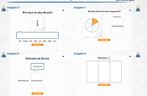 Möchten Sie das Thema Brüche in Ihrer Klasse einführen oder wiederholen, dann setzen Sie das interaktive Buch in verschiedenen Phasen des Unterrichts (ggf. auch als Hausaufgabe) ein. Die Inhalte können jahrgangsübergreifend zum Wiederholen und Festigen des Konzepts Bruchteile verwendet werden.
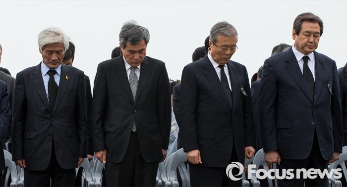 (제주=포커스뉴스) 3일 오전 제주 4ㆍ3 평화공원에서 열린 제68주년 4ㆍ3희생자 추념식에 참석한 김세균(왼쪽부터) 정의당 공동대표, 이상돈 국민의당 공동선대위원장, 김종인 더불어민주당 비상대책위원회 대표, 김무성 새누리당 대표가 희생자들을 애도하는 묵념을 하고 있다.
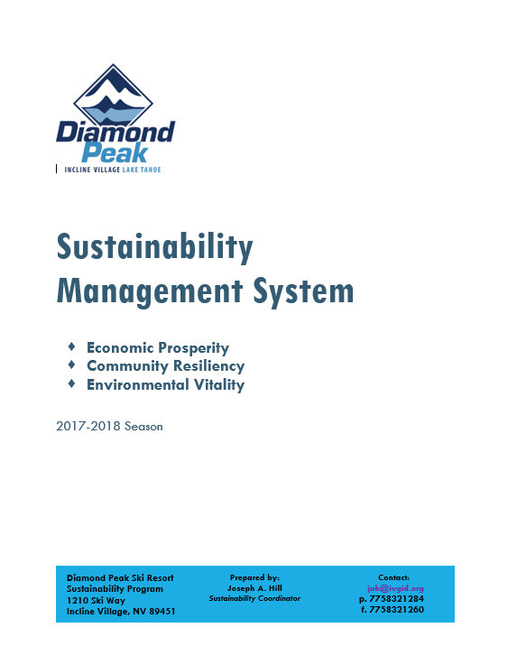 Sustainability Planning and Implementation via Performance Benchmark and Certification at Diamond Peak Ski Resort in Incline Village, NV.
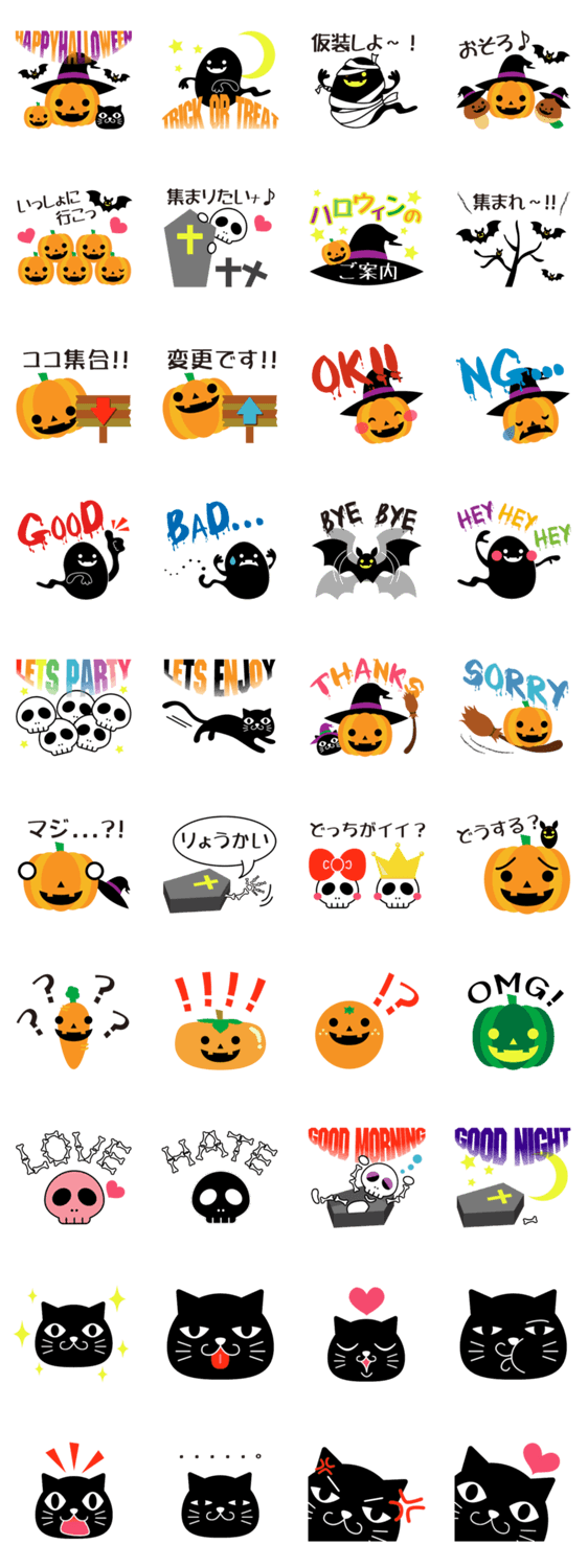 ハロウィンのための仮装のお誘いや連絡に!可愛すぎずシンプルなジャックオーランタンやガイコツ・おばけ・黒猫ちゃんの、普段使いもOKなスタンプです。
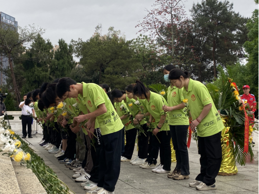 (图为:员工向烈士纪念碑献花,缅怀先烈)
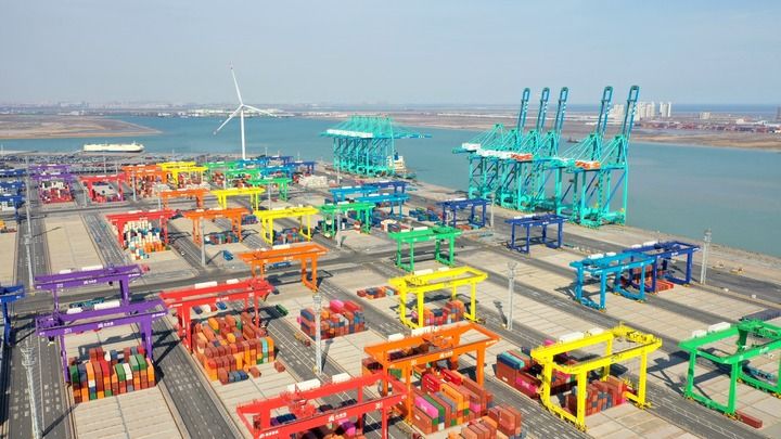 这是天津港全物联网集装箱码头(2023年2月21日摄,无人机照片)。新华社记者 赵子硕 摄
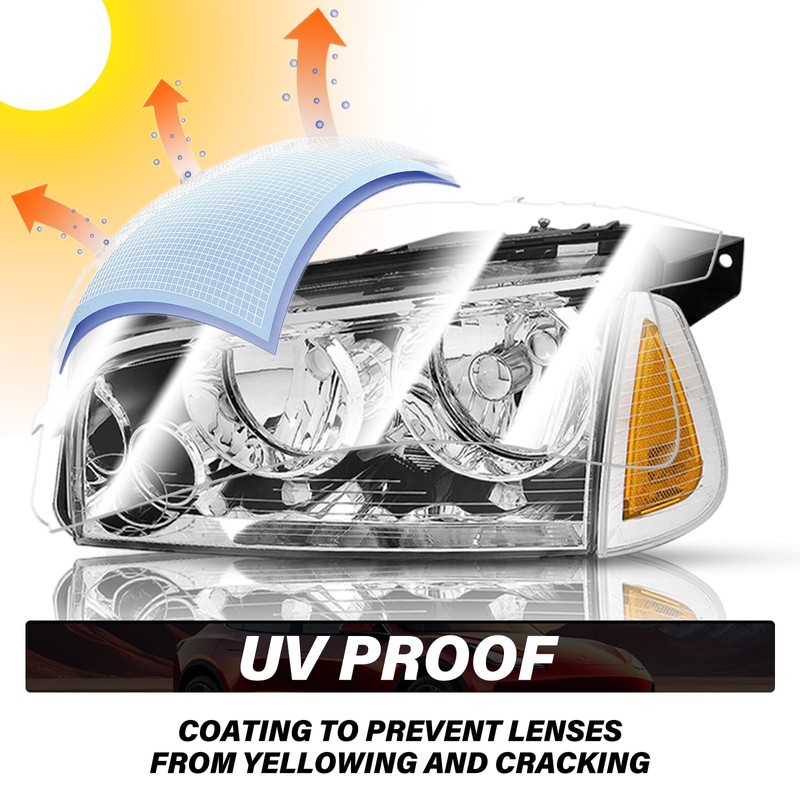 - 【DOT & SAE CERTIFIED】High-quality driver and passenger side halogen type headlights meet all DOT and SAE certified safety requirements. The upgraded housing is impact and heat resistant, ensuring better durability compared to other headlamps. Superior lenses have good light transmission, high toughness and excellent UV resistance to prevent yellowing and cracking
···
§ Try it:
Each line from the line containing "(제주=포커스뉴스) 3일 오전" through the last line above must be written out exactly, and every picture must be omitted.

§ Task result:
 (제주=포커스뉴스) 3일 오전 제주 4ㆍ3 평화공원에서 열린 제68주년 4ㆍ3희생자 추념식에 참석한 김세균(왼쪽부터) 정의당 공동대표, 이상돈 국민의당 공동선대위원장, 김종인 더불어민주당 비상대책위원회 대표, 김무성 새누리당 대표가 희생자들을 애도하는 묵념을 하고 있다.
 Sustainability Planning and Implementation via Performance Benchmark and Certification at Diamond Peak Ski Resort in Incline Village, NV.
 ハロウィンのための仮装のお誘いや連絡に!可愛すぎずシンプルなジャックオーランタンやガイコツ・おばけ・黒猫ちゃんの、普段使いもOKなスタンプです。
 (图为:员工向烈士纪念碑献花,缅怀先烈)
 这是天津港全物联网集装箱码头(2023年2月21日摄,无人机照片)。新华社记者 赵子硕 摄
 - 【DOT & SAE CERTIFIED】High-quality driver and passenger side halogen type headlights meet all DOT and SAE certified safety requirements. The upgraded housing is impact and heat resistant, ensuring better durability compared to other headlamps. Superior lenses have good light transmission, high toughness and excellent UV resistance to prevent yellowing and cracking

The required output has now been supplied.